Predicting Angular Momentum in Elastic Collisions

[Aidman]

Hi,

Is it possible to predict the “angular consequences” of an elastic collision? Let’s say we have two rectangular objects, A and B. Their original angular velocities and linear velocities, as well as mass and moment of inertia, are all known. Is it than possible to predict their angular velocities after they hit, knowing the collision-point? If so then how, because I can only figure out one equation, where both unknown angular velocities are stated:

I[A] * w[A](before) + I * w(before) = I[A] * w[A](after) + I * w(after)
where as w(after) and w[A](after) are unknown... any ideas?

 

[rocketcity]

What angle the two bodies will go flying off at after the collision is highly dependent on how they strike. Think about lining up a pool shot: the six ball is stationary, and the cue ball is traveling due north towards it at a certain speed. Depending on where on the six ball you hit it, the resulting velocity pairs may have directions of (for six ball and cue ball, respectively:) north and south, northwest and northeast, northeast and southwest, etc.

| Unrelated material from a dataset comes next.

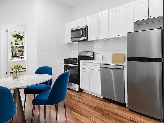 Discover this beautifully renovated 3-bedroom, 1-bath apartment in the historic Bushwick neighborhood, featuring a huge private backyard perfect for relaxation and gatherings. The unit boasts an in-home washer/dryer, a modern kitchen equipped with stainless steel appliances, and gorgeous hardwood floors throughout. Spacious bedrooms offer ample closet space, and the high ceilings with contemporary finishes create a bright, airy atmosphere. Conveniently located just one block from the L train at Wilson Ave, this stunning apartment is a commuter's paradise. Don't miss out on this incredible opportunity! Schedule your exclusive viewing today!! Text Zahava for a quicker response!
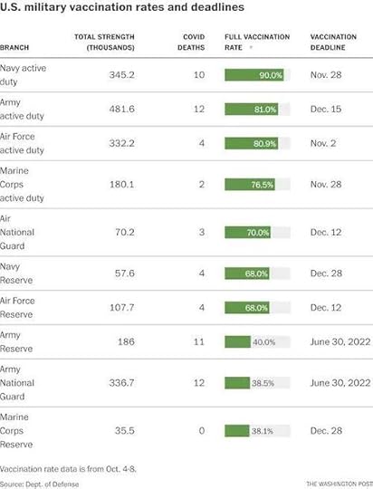 Among the Army Guard and Reserve – which have until June 2022 to come into compliance, under 40% are fully vaccinated.

In a frictionless situation, I can use conservation of (all three) components of linear momentum to predict the motion of one of the balls after the collision *if I know the motions of BOTH balls before the collision and ONE of the balls after the collision.*

It's also true that you can predict which direction both balls will go in IF you know enough about their geometries and how the collision will occur. For example, I've done problems where you bounce a golf ball off of a bowling ball. By knowing where on the bowling ball it will hit, you can use ray geometry to predict which way it will bounce. Then, as I said above, you could use conservation of momentum to figure out what the bowling ball would do.

P

 

[franznietzsche]

Originally posted by rocketcity
What angle the two bodies will go flying off at after the collision is highly dependent on how they strike. Think about lining up a pool shot: the six ball is stationary, and the cue ball is traveling due north towards it at a certain speed. Depending on where on the six ball you hit it, the resulting velocity pairs may have directions of (for six ball and cue ball, respectively:) north and south, northwest and northeast, northeast and southwest, etc.

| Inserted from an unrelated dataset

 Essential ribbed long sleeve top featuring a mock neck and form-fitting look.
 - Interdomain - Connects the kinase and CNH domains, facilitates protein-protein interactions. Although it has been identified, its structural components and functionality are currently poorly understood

In a frictionless situation, I can use conservation of (all three) components of linear momentum to predict the motion of one of the balls after the collision *if I know the motions of BOTH balls before the collision and ONE of the balls after the collision.*

It's also true that you can predict which direction both balls will go in IF you know enough about their geometries and how the collision will occur. For example, I've done problems where you bounce a golf ball off of a bowling ball. By knowing where on the bowling ball it will hit, you can use ray geometry to predict which way it will bounce. Then, as I said above, you could use conservation of momentum to figure out what the bowling ball would do.

P

Angular=rotational, wrong problem there.

To answer your question Aidman in a system with objects moving in a rotational matter (say two balls being swung on strings) the results of elastic collisions are the same as if the equations were between the poll balls describewd by rocket city. Momentum and Energy are both still conserved. You can use the same equations if you replace mas with moment of inertia, velocity with angular velocity, momentum with angular momentum, et al.